EXERCISE:
Provide an exact copy of the data, excluding the images.

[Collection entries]
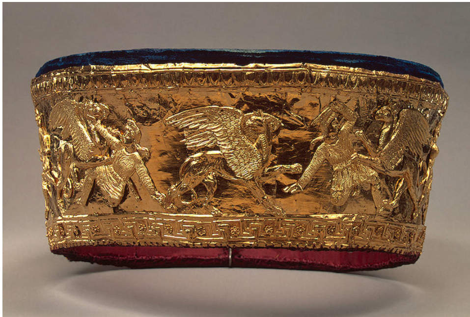
1. Χρυσός κάλαθος με παράσταση μάχης Αριμασπών με Γρύπες Χρονολόγηση: 330-300 π.Χ. Προέλευση: Ρωσία – Vyshestebliyevskaya (βόρειες ακτές του Ευξείνου Πόντου)
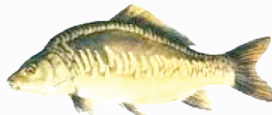
चित्र : कमन कार्प माछा (ईजरायली वा मिरर कार्प)
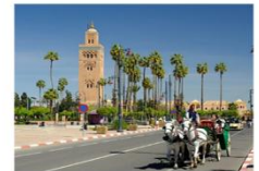
นั่งรถม้าชมเมือง

** พักที่ Adam Park Hotel 5* หรือเทียบเท่า **
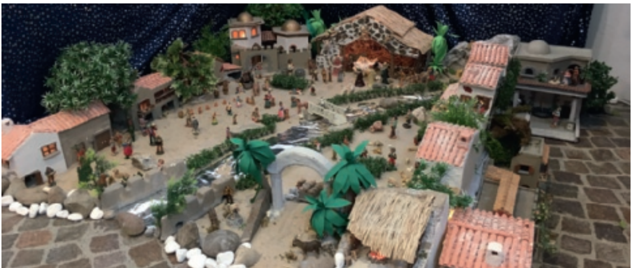
Presepe nella nostra Cappella

Un cordiale e sincero augurio di buon Natale e felice anno nuovo, con la speranza di una bellissima e duratura collaborazione anche in futuro.
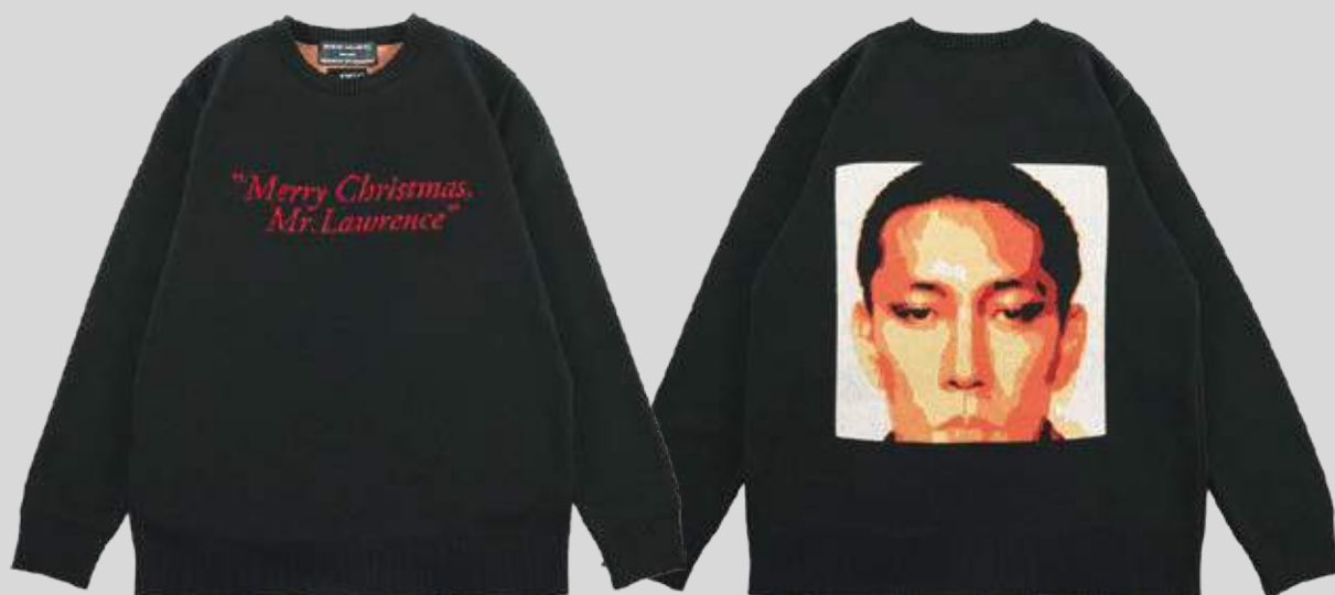
Merry Christmas Mr.Lawrence
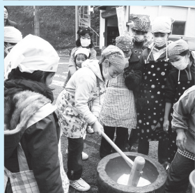
▲1列になつての田植え作業 ▼杵と臼を使つての餅つき体験
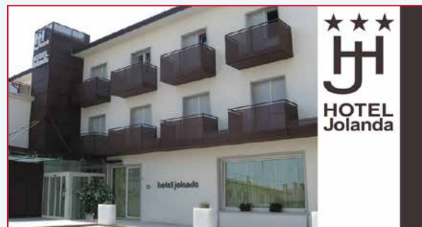
Via Udine 7/9 Marano Lagunare (UD) Tel. +390431640259 www.hotel-jolanda.it
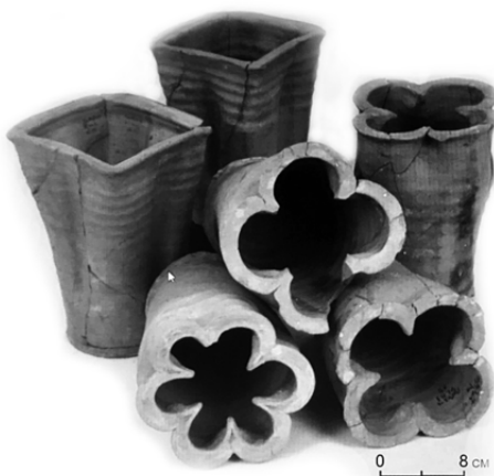
Малюнак 3. – Пячная гаршковая кафля. Кан. XIV – пач. XV ст. Гродна, Стары замак

Кухонны посуд, а менавіта гаршкі, у XIV–XV стст. у вобласці плечука набываюць вострае гатычнае рабро.
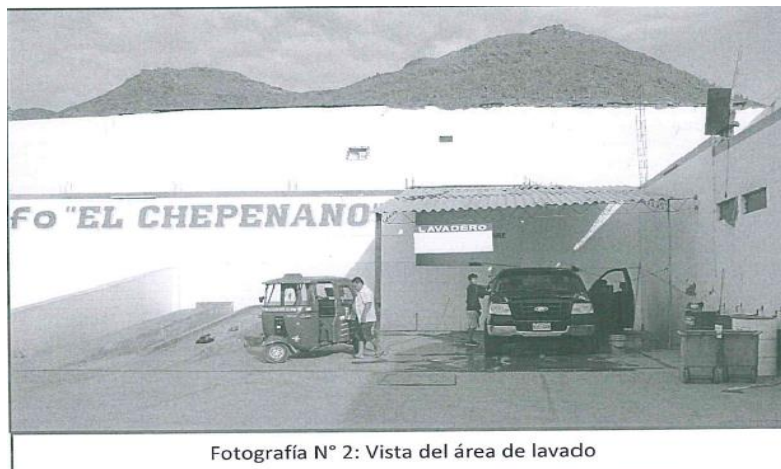
Fotografía N° 2: Vista del área de lavado
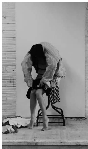
Amalgama , Video-performance, Duración (00:04:33), 2019.

Teniendo en cuenta lo anterior, quise explorar la relación entre la identidad del otro y la mía, por medio de una acción performática que consiste en desprenderme de mi identidad al
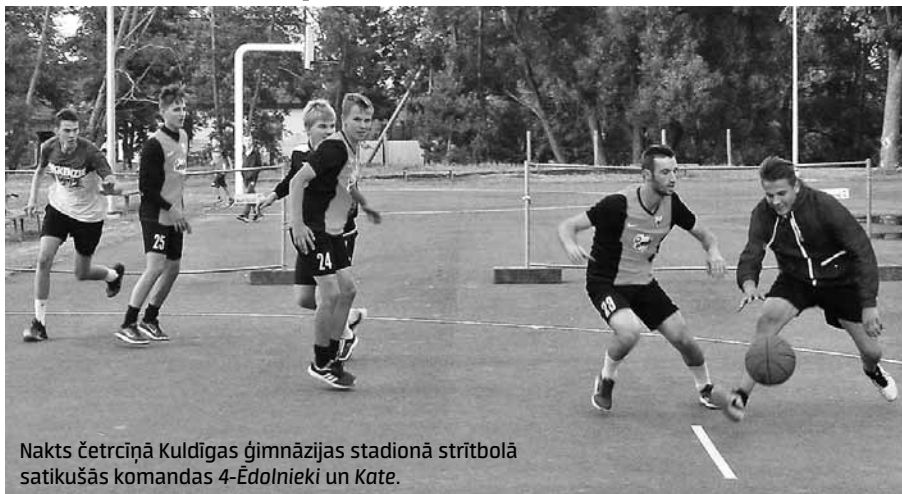
Nakts četrciņā Kuldīgas ģimnāzijas stadionā strītbolā satikušās komandas 4-Ēdālnieki un Kate .
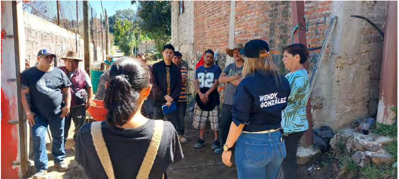
Reunión para levantar las necesidades en materia de alumbrado, infraestructura hídrica y seguridad.
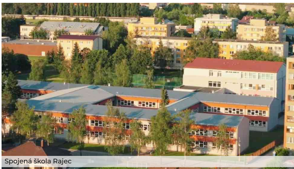
Spojená škola Rajec
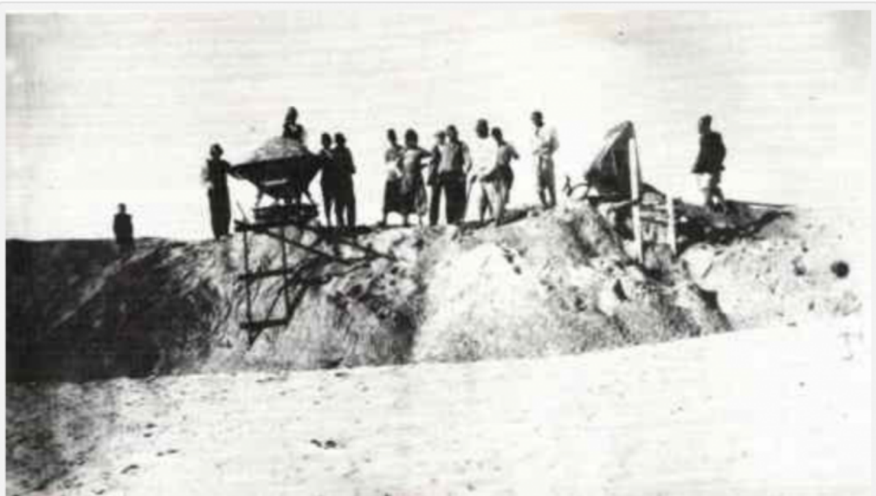
1910 Harassants travaux de terrassement dans les dunes de sable. - TEL AVIV
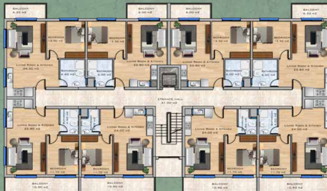
1+1 Apartments First Floor Plan
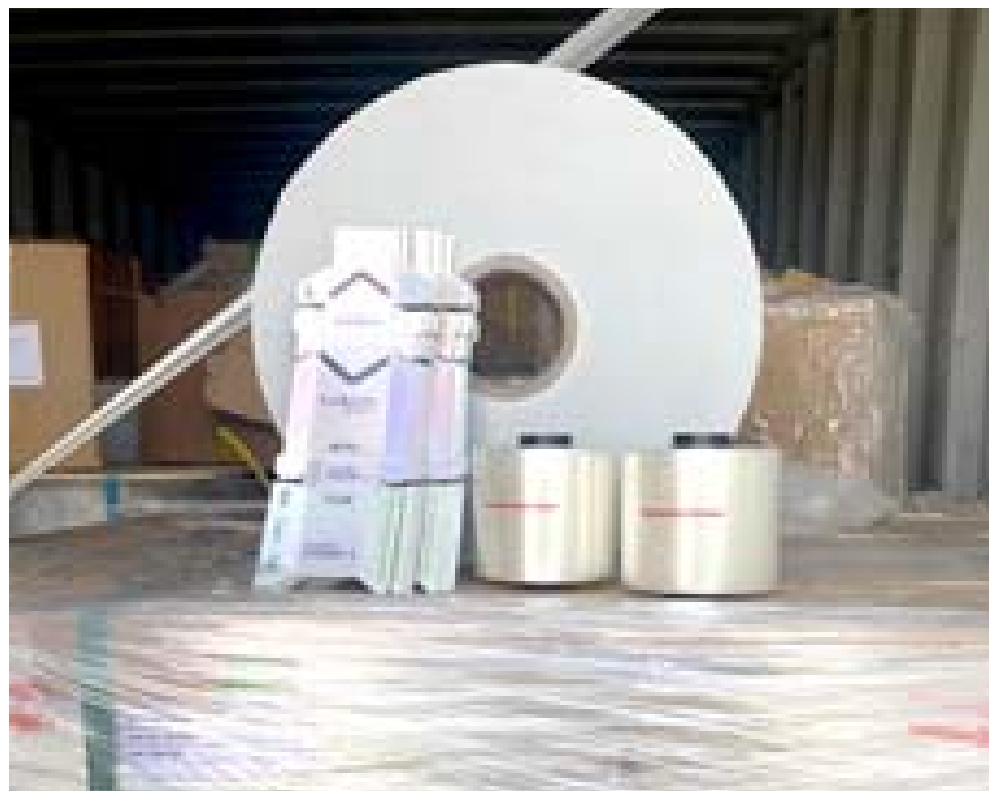
ضبط : الهيئة العامة للكمارك تضبط حاوية فيها مواد اولية لصناعة السكاكر

اسفرت العملية عن مقتل 4 إرهابيين، إثنان منهم يرتديان أحزمة ناسفة ويحملان رمايات يدوية وتدمير وكربن يحتويان على فرش و مواد غذائية والإستيلاء على عجلة نوع بيكبي ودراجة نارية، كما تم التعامل مع المواد المضبوطة أصوليا.
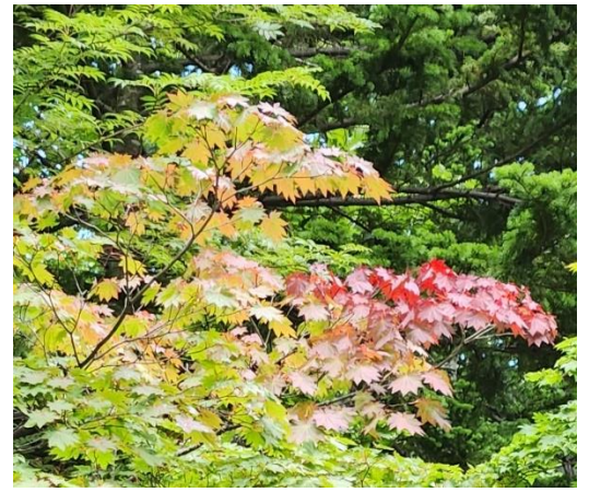
色づき始めているハウチワカエデ
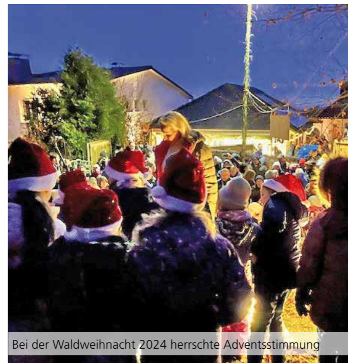
Bei der Waldweihnacht 2024 herrschte Adventsstimmung

Am Sonntag öffnen die Stände von 14:00 bis 20:00 Uhr.
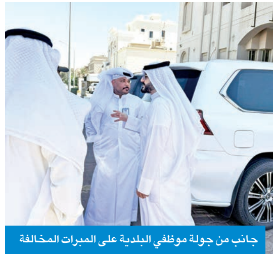
جانب من جولة موظفي البلدية على المبرات المخالفة

والمبرات المخالفة، مثمناً تعاون العديد من الجمعيات، التي بادرت بإزالة الفورية بعد توجيه الإنذارات بمحافظه الأحمدى.
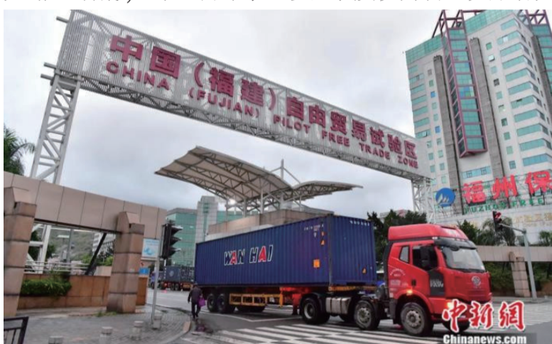
货柜车驶出福建自贸区福州片区。

品，所以在积极参与国际分工的同时，绝不能放弃此类产品的生产。第二，关键核心技术是具有溢价权的垄断性技术。为避免受制于人，必须坚持科技自立自强。关键核心技术包括基础性技术、撒手锏技术、颠覆性技术，三者同等重要。尤其要在颠覆性技术领域超前部署，重点突破。发挥中国的新型举国体制优势，在某项颠覆性技术上领先一招，方能扭转被“卡”局面。(完)
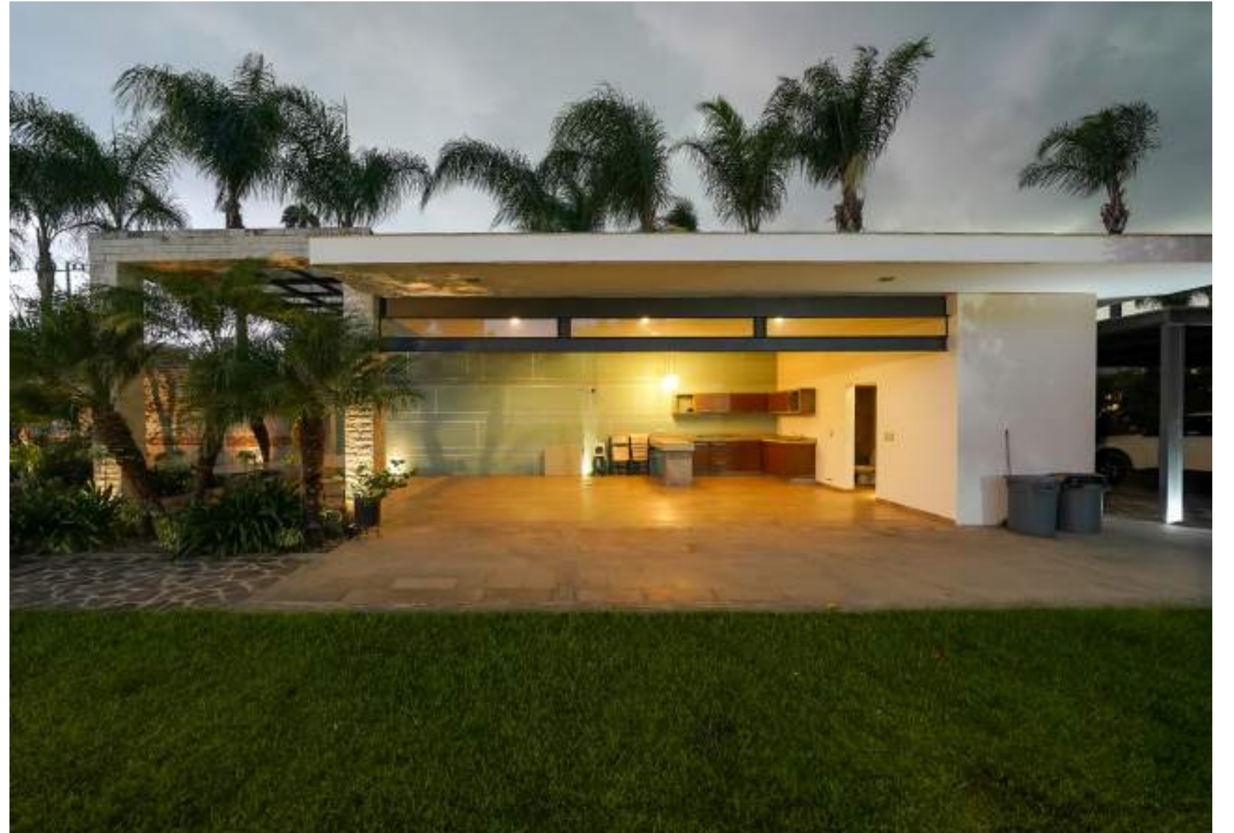
JARDÍN | TERRAZA
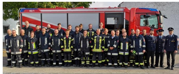
FFW Wettsteten und Echenzell nach erfolgreicher Leistungsprüfung

Ehrenamtliche beim Weißeln der Aussegnungshalle am Friedhof
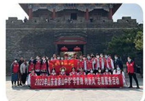
岱庙景区志愿服务
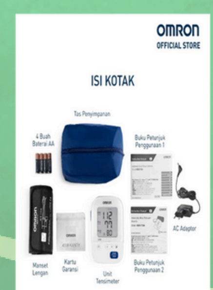
Tensi Meter digital

Terima kasih kepada Direktorat Jenderal Pendidikan Tinggi, Riset, dan Teknologi melalui Hibah Program Pengabdian Kepada Masyarakat tahun 2025 yang telah mendanai kegiatan ini, serta terima kasih juga disampaikan kepada STIKes Buleleng dan STIE Satya Dharma Singaraja
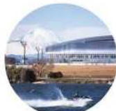
馬入大橋周辺(平塚市)
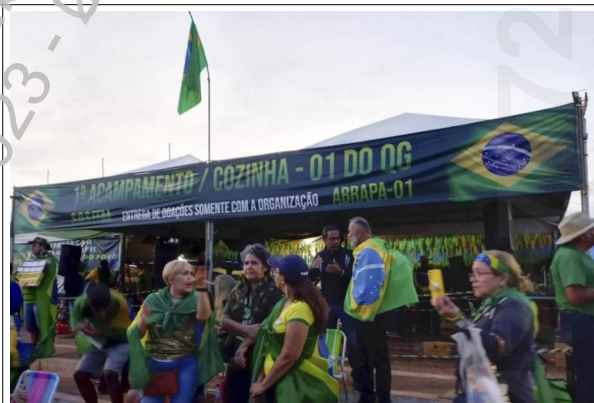
Tenda para recebimento de doações

É possível comprovar que no local também funcionavam tendas para churrasco, distribuição de comida e água e uma improvisada tenda religiosa 2 :

TASK ANSWER:
1. Χρυσός κάλαθος με παράσταση μάχης Αριμασπών με Γρύπες Χρονολόγηση: 330-300 π.Χ. Προέλευση: Ρωσία – Vyshestebliyevskaya (βόρειες ακτές του Ευξείνου Πόντου)
चित्र : कमन कार्प माछा (ईजरायली वा मिरर कार्प)
นั่งรถม้าชมเมือง

** พักที่ Adam Park Hotel 5* หรือเทียบเท่า **
Presepe nella nostra Cappella

Un cordiale e sincero augurio di buon Natale e felice anno nuovo, con la speranza di una bellissima e duratura collaborazione anche in futuro.
Merry Christmas Mr.Lawrence
▲1列になつての田植え作業 ▼杵と臼を使つての餅つき体験
Via Udine 7/9 Marano Lagunare (UD) Tel. +390431640259 www.hotel-jolanda.it
Малюнак 3. – Пячная гаршковая кафля. Кан. XIV – пач. XV ст. Гродна, Стары замак

Кухонны посуд, а менавіта гаршкі, у XIV–XV стст. у вобласці плечука набываюць вострае гатычнае рабро.
Fotografía N° 2: Vista del área de lavado
Amalgama , Video-performance, Duración (00:04:33), 2019.

Teniendo en cuenta lo anterior, quise explorar la relación entre la identidad del otro y la mía, por medio de una acción performática que consiste en desprenderme de mi identidad al
Nakts četrciņā Kuldīgas ģimnāzijas stadionā strītbolā satikušās komandas 4-Ēdālnieki un Kate .
Reunión para levantar las necesidades en materia de alumbrado, infraestructura hídrica y seguridad.
Spojená škola Rajec
1910 Harassants travaux de terrassement dans les dunes de sable. - TEL AVIV
1+1 Apartments First Floor Plan
ضبط : الهيئة العامة للكمارك تضبط حاوية فيها مواد اولية لصناعة السكاكر

اسفرت العملية عن مقتل 4 إرهابيين، إثنان منهم يرتديان أحزمة ناسفة ويحملان رمايات يدوية وتدمير وكربن يحتويان على فرش و مواد غذائية والإستيلاء على عجلة نوع بيكبي ودراجة نارية، كما تم التعامل مع المواد المضبوطة أصوليا.
色づき始めているハウチワカエデ
Bei der Waldweihnacht 2024 herrschte Adventsstimmung

Am Sonntag öffnen die Stände von 14:00 bis 20:00 Uhr.
جانب من جولة موظفي البلدية على المبرات المخالفة

والمبرات المخالفة، مثمناً تعاون العديد من الجمعيات، التي بادرت بإزالة الفورية بعد توجيه الإنذارات بمحافظه الأحمدى.
货柜车驶出福建自贸区福州片区。

品，所以在积极参与国际分工的同时，绝不能放弃此类产品的生产。第二，关键核心技术是具有溢价权的垄断性技术。为避免受制于人，必须坚持科技自立自强。关键核心技术包括基础性技术、撒手锏技术、颠覆性技术，三者同等重要。尤其要在颠覆性技术领域超前部署，重点突破。发挥中国的新型举国体制优势，在某项颠覆性技术上领先一招，方能扭转被“卡”局面。(完)
JARDÍN | TERRAZA
FFW Wettsteten und Echenzell nach erfolgreicher Leistungsprüfung

Ehrenamtliche beim Weißeln der Aussegnungshalle am Friedhof
岱庙景区志愿服务
Tensi Meter digital

Terima kasih kepada Direktorat Jenderal Pendidikan Tinggi, Riset, dan Teknologi melalui Hibah Program Pengabdian Kepada Masyarakat tahun 2025 yang telah mendanai kegiatan ini, serta terima kasih juga disampaikan kepada STIKes Buleleng dan STIE Satya Dharma Singaraja
馬入大橋周辺(平塚市)
Tenda para recebimento de doações

É possível comprovar que no local também funcionavam tendas para churrasco, distribuição de comida e água e uma improvisada tenda religiosa 2 :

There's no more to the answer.